Obviously that wouldn't work for CSVs with different structures, but can be effective in the workplace in certain scenarios.

disgruntledphd2 · 2024-08-14T16:39:26 1723653566

As long as a human didn't generate the file, all things can be automated.

However, if you ever have the misfortune of dealing with human generated files (particularly Excels) then you will suffer much pain and loss.

I once had to deal with a "CSV" which had not one, not two but 6(!) distinct date formats in the same file. Life as a data scientist kinda sucks sometimes :shrug:.

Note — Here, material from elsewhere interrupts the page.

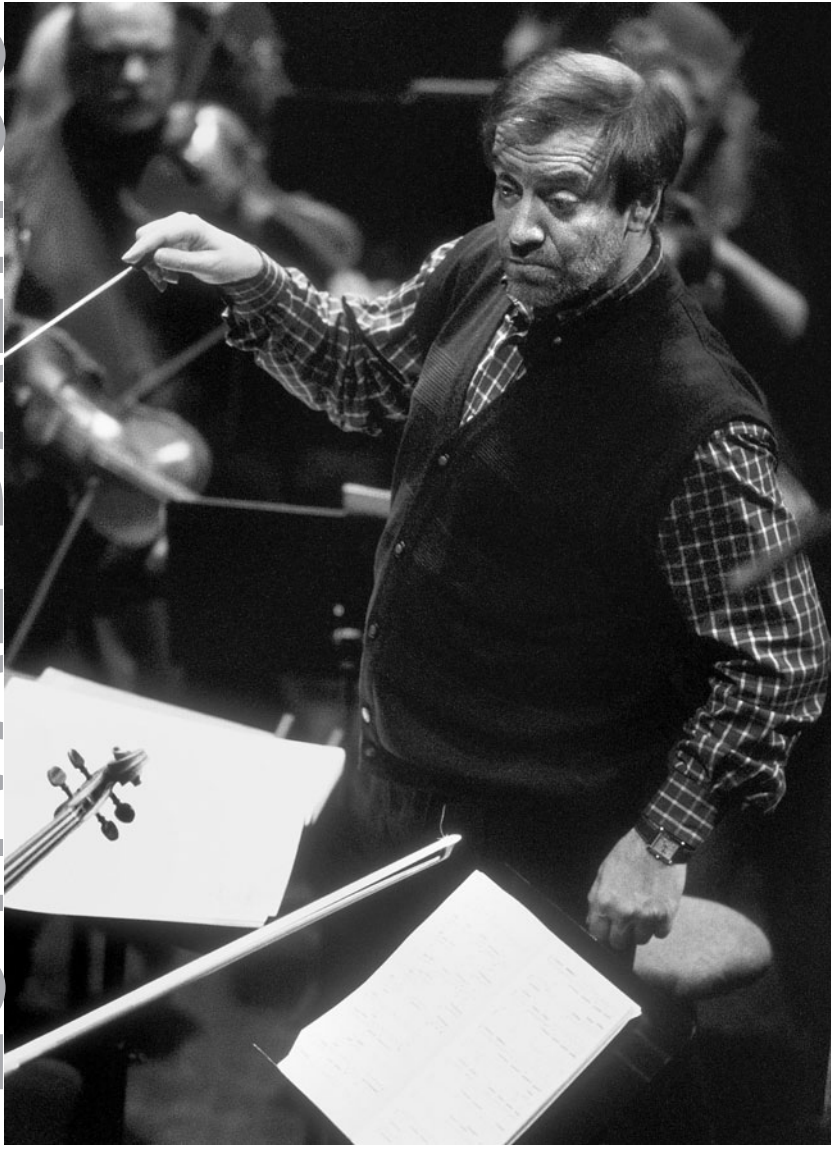
INNOVATORE Valery Gergiev in pochi anni ha trasformato l'ambiente musicale russo

hyperman1 · 2024-08-15T08:29:50 1723710590

Before 2010 and UTF-8 everywhere , I regularly had the misfortune of dealing with multi encoding CSVs. Someone got CSVs from multiple sources and catted them together. One source uses ISO 8859-1, another -15, another UTF-8, sometimes a greek or russian or even ebcdic was in there. Fun trying to guess where one stopped and the other begun . Of course, none of them were consistent crlf or escape wise.

Aniket-N · 2024-08-15T01:38:00 1723685880

This is some next level response where Excel is called a “broken tool”. You may not agree with their choices or design or anything else. But calling the entirety of the product isn’t making a strong case towards the prior point.

solarkraft · 2024-08-14T19:44:36 1723664676

“Just be in control” is unfortunately bad advice when you’re … not in control.

TheCleric · 2024-08-14T22:09:56 1723673396

I don't think the advice is "Just be in control" as much as "Acknowledge you're not in control most of the time."

Freak_NL · 2024-08-14T11:32:13 1723635133

Importing data generated from Excel: don't, or force RFC 4180-compliant CSV data.

Exporting data into Excel: provide RFC 4180-compliant CSV data, or just generate minimal XLSX files.

Most Excel users generally don't export to CSV (or practice any data sanity conventions); they seem to believe XLSX is a perfectly fine data exchange format for automated use. (“Oh the import broke? I just added an empty row above the headers, because it looked sloppy.”) Those that do understand that automated data processing means you need to be stricter in what you do in the sheet you are exporting tend to understand how to export proper CSV's from Excel as well.

ahmeneeroe-v2 · 2024-08-14T22:40:01 1723675201

>Those that do understand that automated data processing means you need to be stricter in what you do in the sheet you are exporting tend to understand how to export proper CSV's from Excel as well

exactly right

funcDropShadow · 2024-08-15T10:02:39 1723716159

Do you have some recommendations or references about getting data properly out of Excel. I usually avoid using Excel alltogether if possible. But, obviously that is not always an option.

ahmeneeroe-v2 · 2024-08-14T22:38:50 1723675130

As someone who has excel open all-day every-day: I don't think excel-employees are "producing" data. We are ingesting CSVs/XLSXs, performing modeling/analysis, and then saving as an XLSX.

I don't know anyone who is saving a CSV unless it is the final model output and another system (e.g. TM1) can only ingest the CSV.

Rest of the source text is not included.